- EXERCISE DETAILS -
Using the data that follows, output only the lines from the line with "在惠州博物館,市民體驗(yàn)編鐘(仿制)演奏。" up to and including the line with "The Grey Blue", exactly, leaving pictures aside.
[Opening DATA FOR PROCESSING section]
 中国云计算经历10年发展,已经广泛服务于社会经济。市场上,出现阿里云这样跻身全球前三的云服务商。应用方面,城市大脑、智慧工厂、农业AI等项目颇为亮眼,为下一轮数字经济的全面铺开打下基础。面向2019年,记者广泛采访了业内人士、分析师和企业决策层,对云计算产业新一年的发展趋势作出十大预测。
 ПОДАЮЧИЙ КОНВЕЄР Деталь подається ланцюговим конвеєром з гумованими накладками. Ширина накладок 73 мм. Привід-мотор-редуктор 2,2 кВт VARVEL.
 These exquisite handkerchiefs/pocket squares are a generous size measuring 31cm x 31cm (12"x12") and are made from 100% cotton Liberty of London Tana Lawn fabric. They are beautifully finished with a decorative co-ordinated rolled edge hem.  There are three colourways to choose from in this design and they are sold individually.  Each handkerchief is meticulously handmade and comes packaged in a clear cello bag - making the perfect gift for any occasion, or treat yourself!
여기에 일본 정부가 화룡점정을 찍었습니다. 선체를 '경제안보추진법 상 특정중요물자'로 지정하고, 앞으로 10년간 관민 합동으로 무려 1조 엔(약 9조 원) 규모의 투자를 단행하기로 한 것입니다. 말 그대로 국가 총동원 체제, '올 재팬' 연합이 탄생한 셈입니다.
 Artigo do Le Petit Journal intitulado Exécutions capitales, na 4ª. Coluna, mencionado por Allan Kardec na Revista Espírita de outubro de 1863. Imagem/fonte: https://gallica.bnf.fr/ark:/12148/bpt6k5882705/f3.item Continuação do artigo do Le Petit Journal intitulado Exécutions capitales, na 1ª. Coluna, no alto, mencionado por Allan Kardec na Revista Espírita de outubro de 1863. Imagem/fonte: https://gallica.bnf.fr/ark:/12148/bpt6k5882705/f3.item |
[Closing DATA FOR PROCESSING section]
[Opening DATA FOR PROCESSING section]
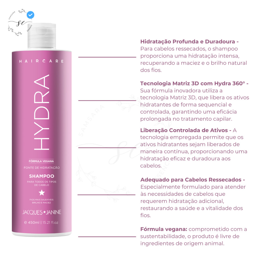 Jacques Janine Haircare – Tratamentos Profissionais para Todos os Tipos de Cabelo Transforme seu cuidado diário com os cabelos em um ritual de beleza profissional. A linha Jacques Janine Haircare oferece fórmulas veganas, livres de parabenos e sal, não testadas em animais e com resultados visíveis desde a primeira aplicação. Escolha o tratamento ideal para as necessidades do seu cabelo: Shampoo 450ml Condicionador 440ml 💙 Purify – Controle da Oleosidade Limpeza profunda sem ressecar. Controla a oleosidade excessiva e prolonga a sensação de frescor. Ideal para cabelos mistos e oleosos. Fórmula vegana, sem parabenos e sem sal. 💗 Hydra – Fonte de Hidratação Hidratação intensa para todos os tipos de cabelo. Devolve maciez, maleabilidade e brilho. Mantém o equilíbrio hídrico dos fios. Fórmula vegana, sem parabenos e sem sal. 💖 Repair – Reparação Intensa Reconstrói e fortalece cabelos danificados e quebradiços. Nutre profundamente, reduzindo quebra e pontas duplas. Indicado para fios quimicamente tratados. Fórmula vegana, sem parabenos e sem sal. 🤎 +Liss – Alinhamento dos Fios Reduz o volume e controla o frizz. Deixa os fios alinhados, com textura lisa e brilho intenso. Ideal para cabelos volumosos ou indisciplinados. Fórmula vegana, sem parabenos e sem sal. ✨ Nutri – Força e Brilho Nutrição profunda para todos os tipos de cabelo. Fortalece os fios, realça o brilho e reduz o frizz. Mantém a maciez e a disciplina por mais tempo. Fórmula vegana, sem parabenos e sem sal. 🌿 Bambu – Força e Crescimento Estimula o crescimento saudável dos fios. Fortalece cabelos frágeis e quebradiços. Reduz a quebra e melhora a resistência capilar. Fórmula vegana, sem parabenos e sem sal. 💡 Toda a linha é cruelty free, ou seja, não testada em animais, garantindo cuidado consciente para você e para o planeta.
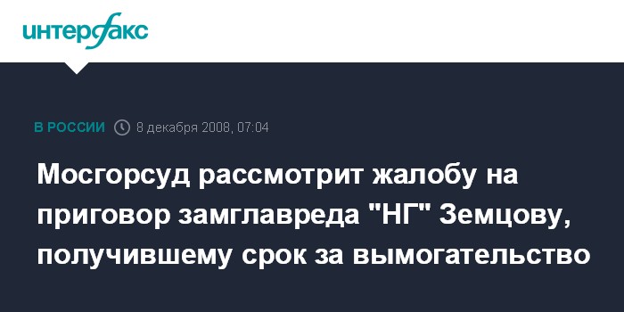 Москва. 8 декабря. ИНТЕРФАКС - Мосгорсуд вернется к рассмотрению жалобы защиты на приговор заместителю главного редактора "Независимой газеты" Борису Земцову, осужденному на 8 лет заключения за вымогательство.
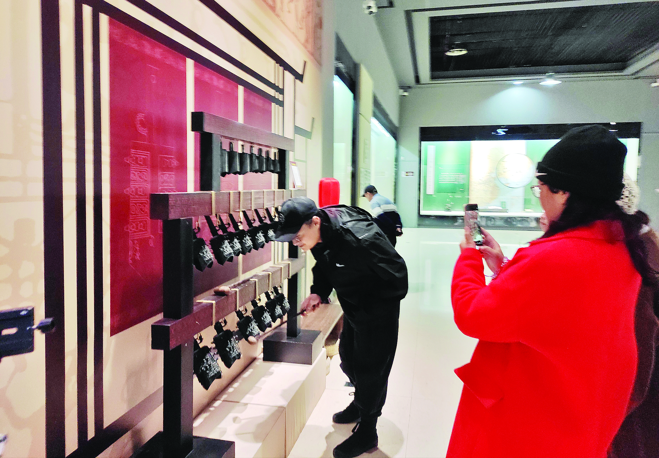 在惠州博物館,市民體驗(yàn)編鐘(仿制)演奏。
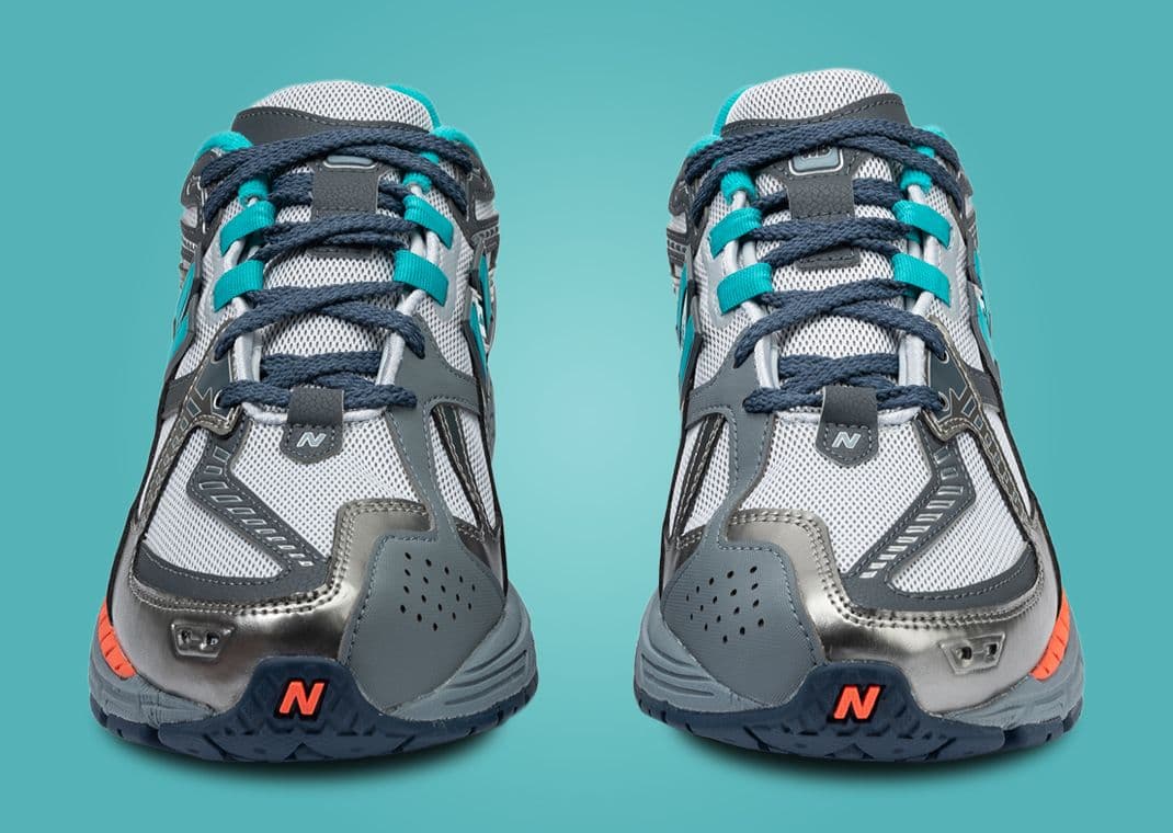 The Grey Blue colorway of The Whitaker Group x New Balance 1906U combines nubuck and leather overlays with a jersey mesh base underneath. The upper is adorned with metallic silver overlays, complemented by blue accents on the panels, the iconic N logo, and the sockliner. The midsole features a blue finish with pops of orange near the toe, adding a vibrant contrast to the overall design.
[Closing DATA FOR PROCESSING section]
- RESPONSE BELOW -
 在惠州博物館,市民體驗(yàn)編鐘(仿制)演奏。
 The Grey Blue colorway of The Whitaker Group x New Balance 1906U combines nubuck and leather overlays with a jersey mesh base underneath. The upper is adorned with metallic silver overlays, complemented by blue accents on the panels, the iconic N logo, and the sockliner. The midsole features a blue finish with pops of orange near the toe, adding a vibrant contrast to the overall design.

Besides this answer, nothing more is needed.